The various efforts made by NASA in shaping COSPAR's policy include the proposal in the early 1980s, when then PQO/PPO Donald DeVincenzi and his colleagues looked for a way to modify the NASA planetary protection regulations and later the COSPAR Planetary Protection Policy, to remove the numerically rigid, pseudo-quantitative policy of the time and instead tailor the various planetary protection requirements to specific mission/target-body combinations, with the potential to address specific concerns about various target bodies in a flexible manner and continue to avoid situations in which spacecraft contaminants might invalidate current or future scientific exploration of a body. The proposal made by DeVincenzi et al. (1983) included the new overall policy for COSPAR, as well as the international adoption of the term “Planetary Protection.” The proposal was accepted by COSPAR in 1984. The new policy also addressed issues regarding backward contamination control for robotic missions. It would take until 2008 before the COSPAR policy would address both forward and backward contamination for human missions.

Other initiatives by NASA included the 1999 establishment by the COSPAR Bureau and Council of a new Panel on Planetary Protection, with PPO J.D. Rummel as Chair, and the Panel's subsequent establishment of a complete COSPAR Planetary Protection Policy at the World Space Congress in Houston, Texas, in 2002. (COSPAR had not had a unified Planetary Protection Policy document since 1964.) Regular updates have yielded the current policy document (Kminek et al., 2017).

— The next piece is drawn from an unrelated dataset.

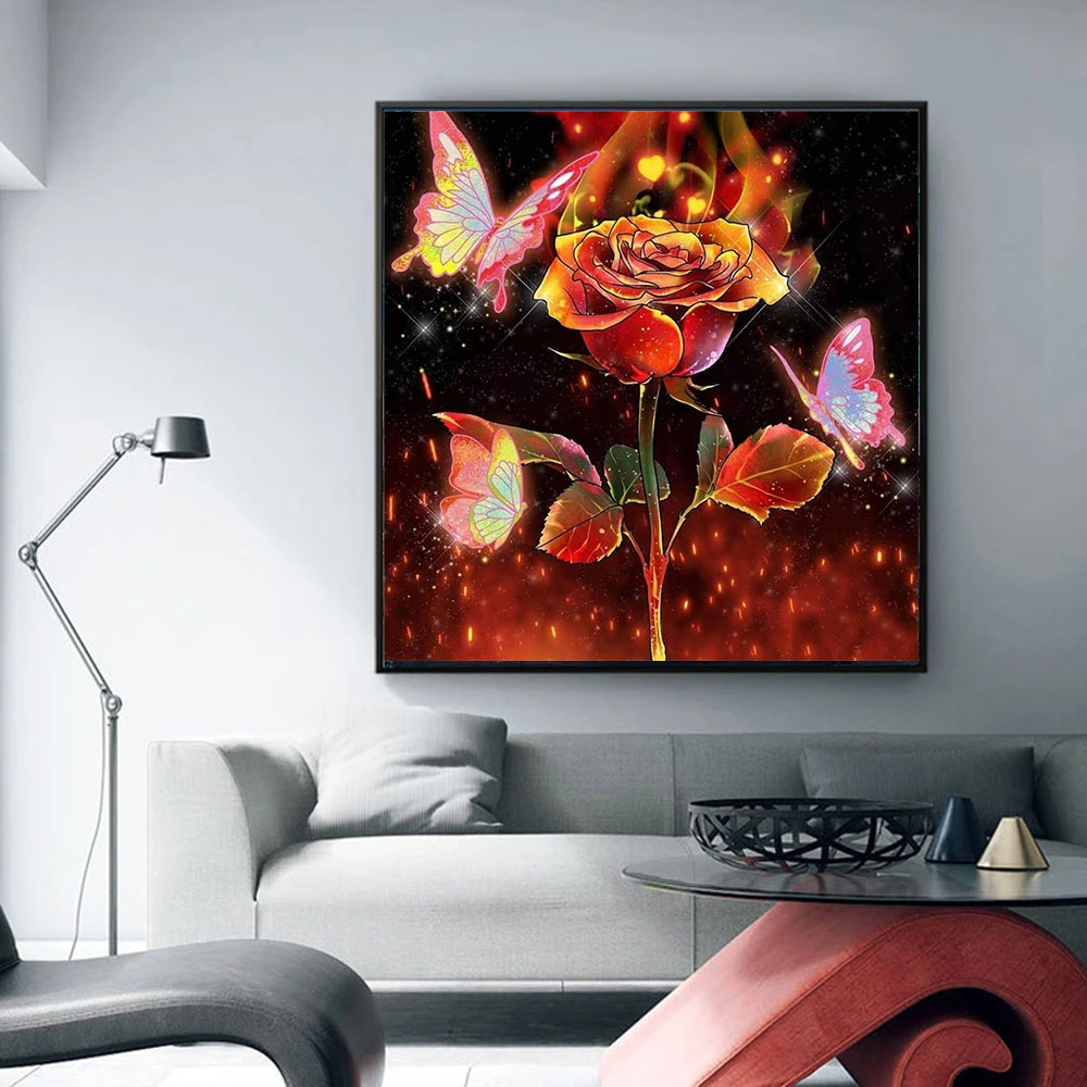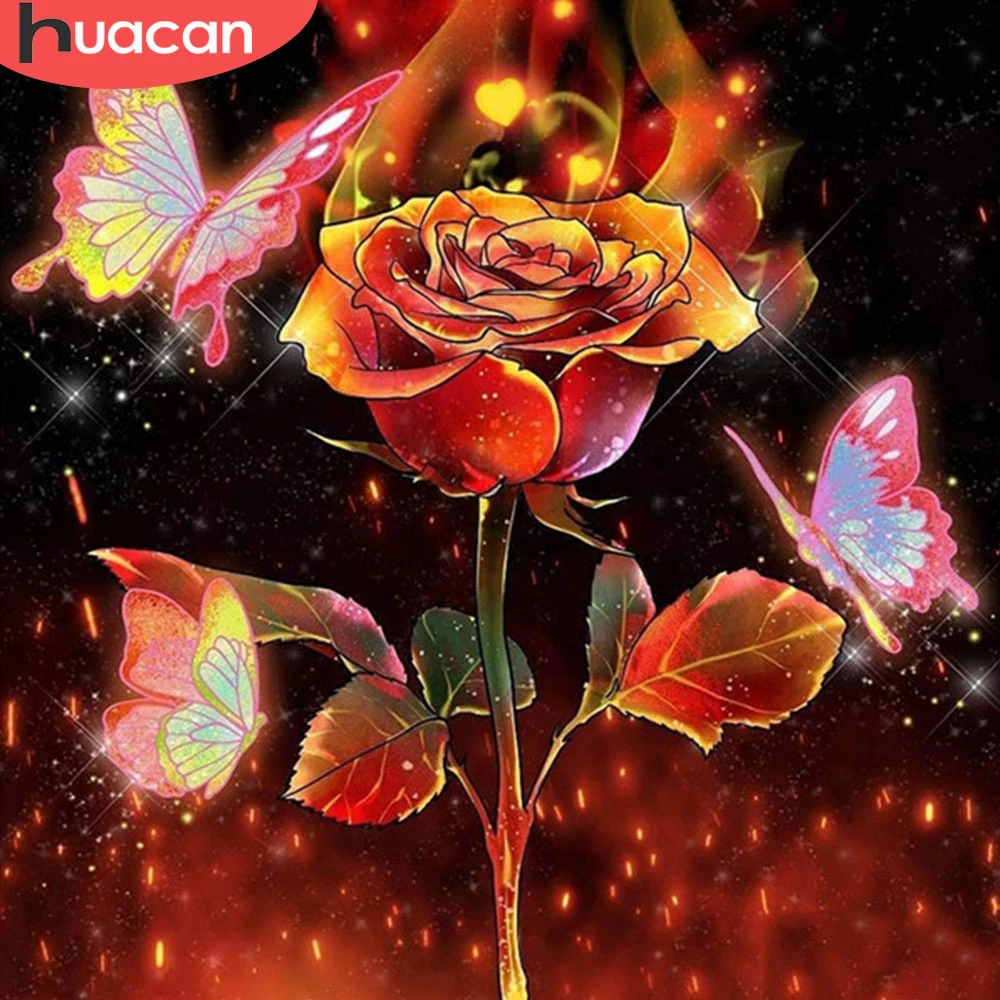 Алмазная 5d картина HUACAN, мозаика с цветами, бабочками, для творчества, вышивка крестиком, роза, домашний декор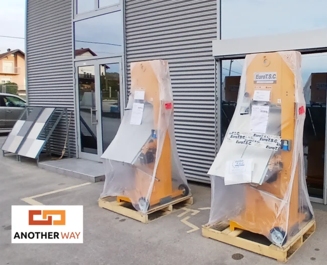 Für ihre Versetzung besitzt die Maschine ein Räderpaar und eine Deichsel, die den einfachen Transport der Maschine durch eine einzelne Person ermöglichen.

One of the innovations that was novel in the 2002 policy was an initial definition for places on Mars “within which Earth-sourced organisms are likely to propagate” or are “interpreted to have high potential for extant martian life forms.” These “Special Regions” on Mars were not parameterized at the time, but subsequent work in the policy arena and on Mars has furthered and will continue to further their description and characterize their potential existence. For the most recent such study, see the work of Rummel et al. (2014).

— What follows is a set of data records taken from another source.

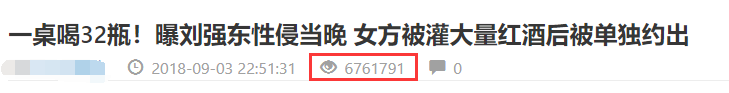 比如最近很火的刘强东事件,频繁上热搜,有人就写出了一篇标题为这样的文章:一桌喝32瓶!曝刘强东性侵当晚 女方被灌大量红酒后被单独约出,此标题一看娱乐八卦味超级沉重,符合大众胃口,文章内容只有短短一两百字,配上乐几张图片,短短几小时,阅读量高达670万。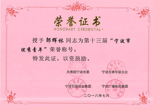 海泰所主任邬辉林荣获“宁波市优秀青年”称号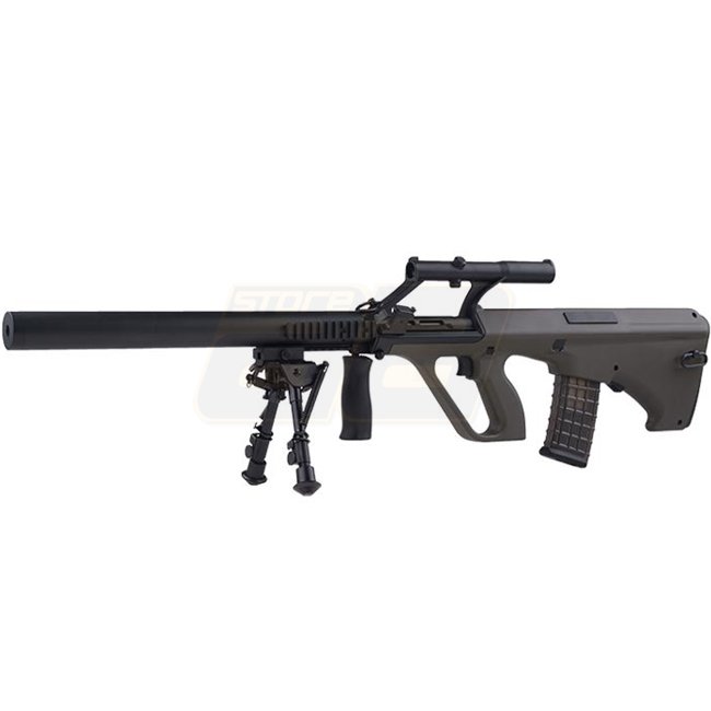Le Snow Wolf SW-20AM AEG en Olive dispose d'un boîtier Version 3, d'un matériau en métal/polymère et d'une capacité de chargeur de 330. Cette réplique d'airsoft pèse 3700g, a une portée de tir de 53,51 à 56,25m, et fonctionne en modes Semi Auto et Full Au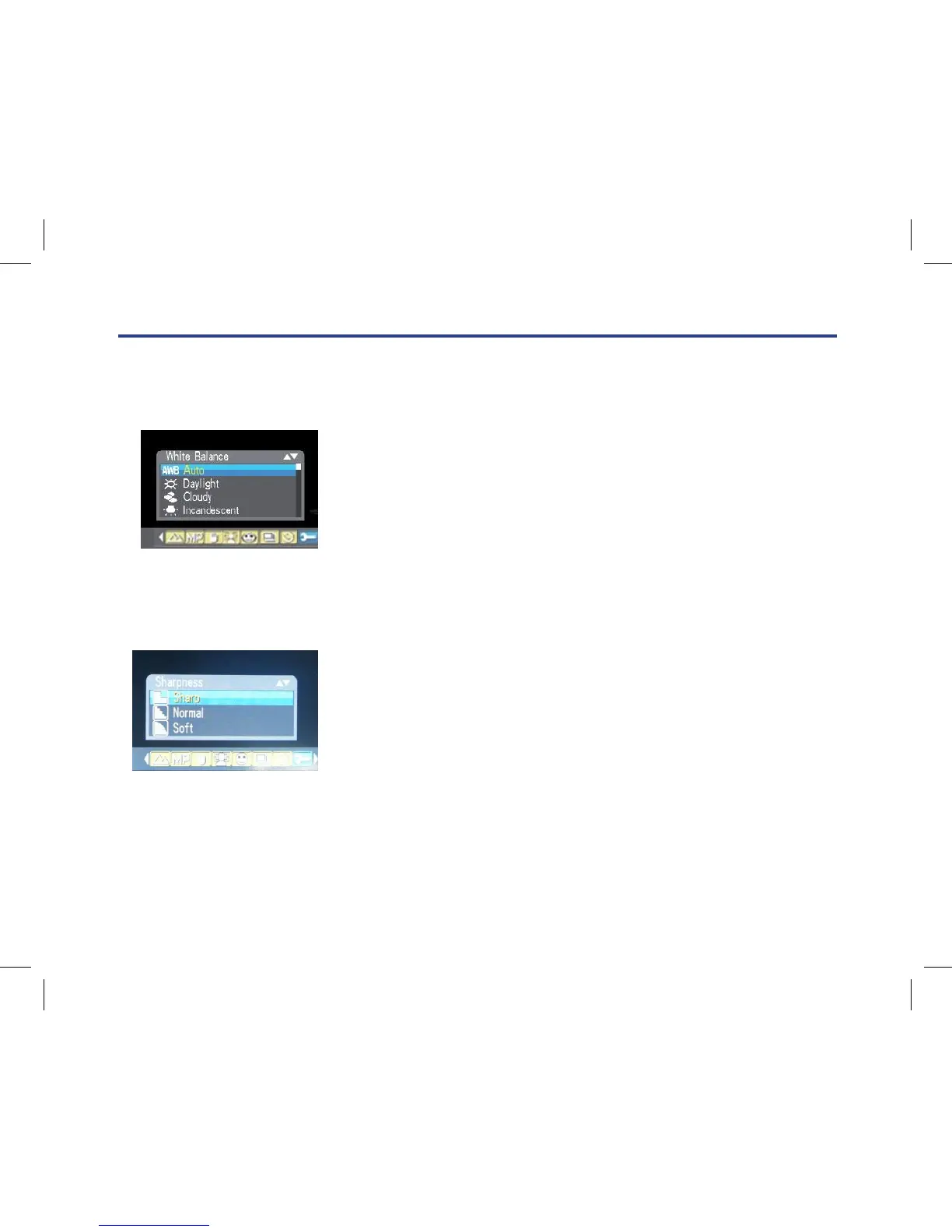 3. Press Up/Down button to select a sharpness value.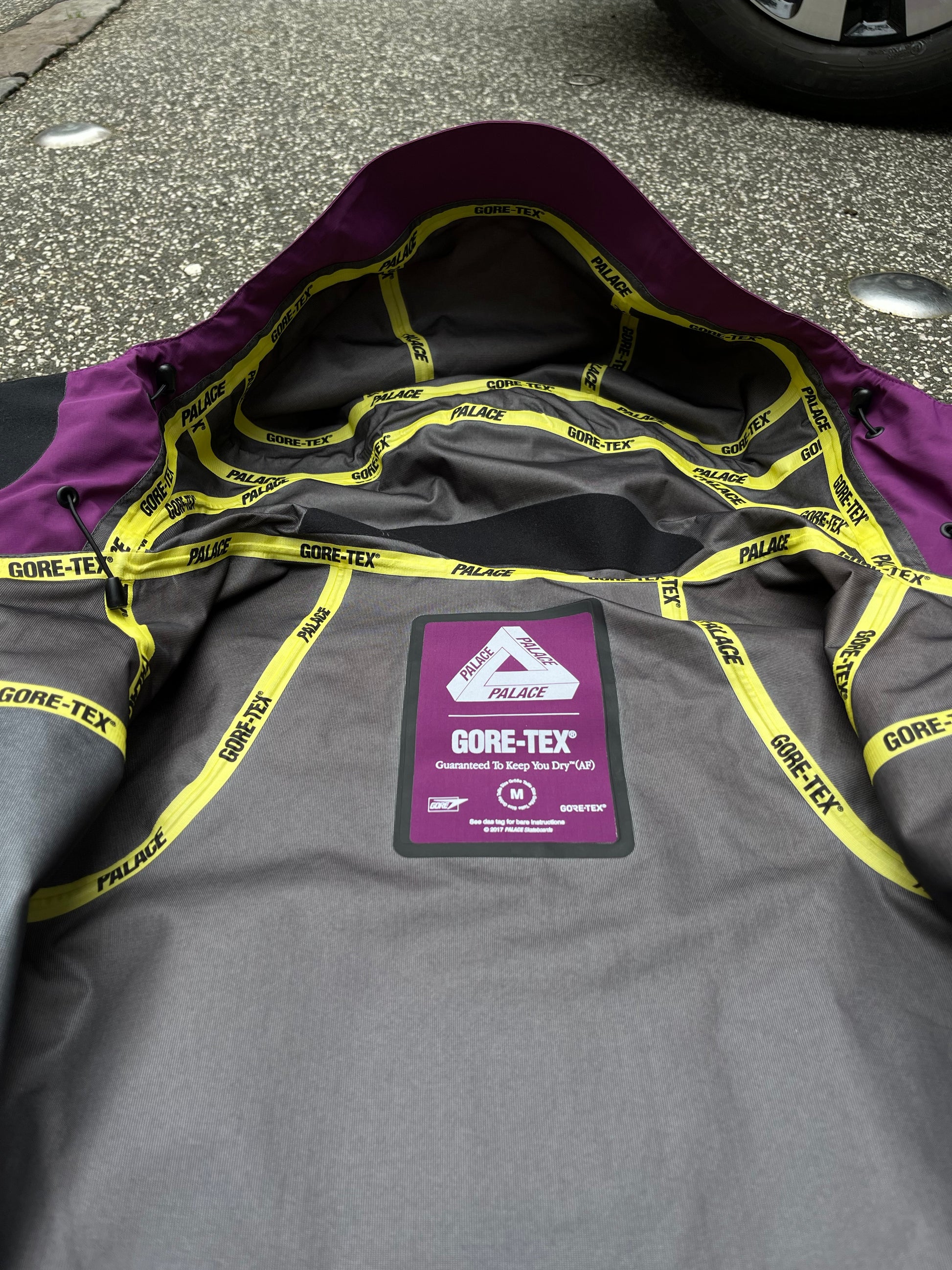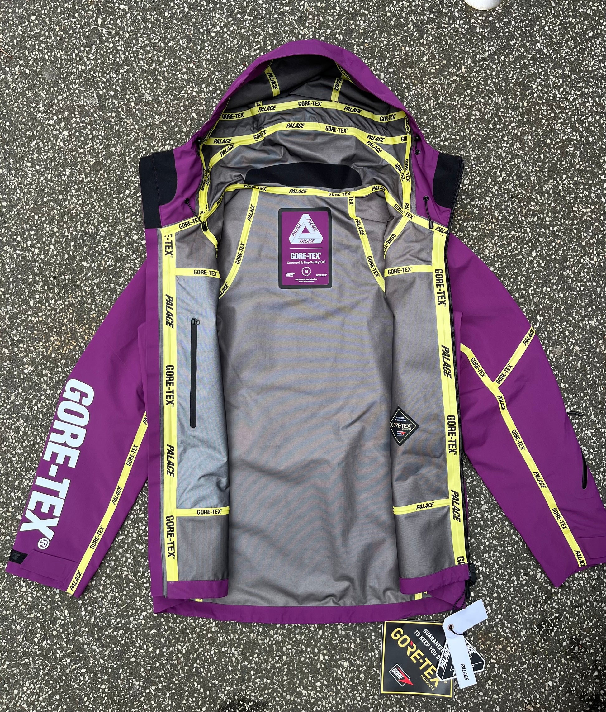 • Gule seam-tapes med “PALACE” og “GORE-TEX” branding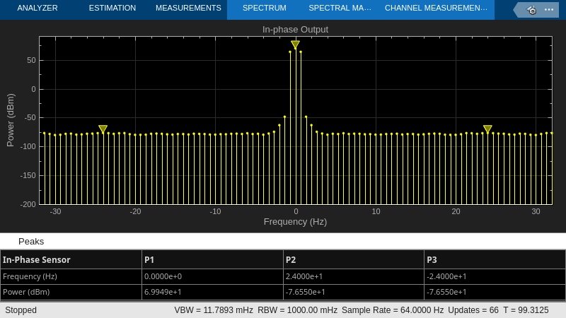 • The In-Phase Output plot shows the power spectrum of the in-phase signal at baseband. In the figure, DC power is a direct result of the blocker and the IP2 in the mixers.

Another aspect of international policy that needs to be established, as such, is planning for a protocol that can establish the safety of a sample returned to Earth from a potential life-site in the Solar System, such as Mars, Europa, or Enceladus. Such a protocol will have to be completed in containment on Earth, and there is a long-lead-time requirement for the establishment of the appropriate containment facility, including every aspect from planning to construction and practice. That planning can only be accomplished after establishing a strategy for returned sample analyses that will define the nature of any receiving laboratory required—an engaging task for future work (see, e.g., Rummel and Kminek, 2018).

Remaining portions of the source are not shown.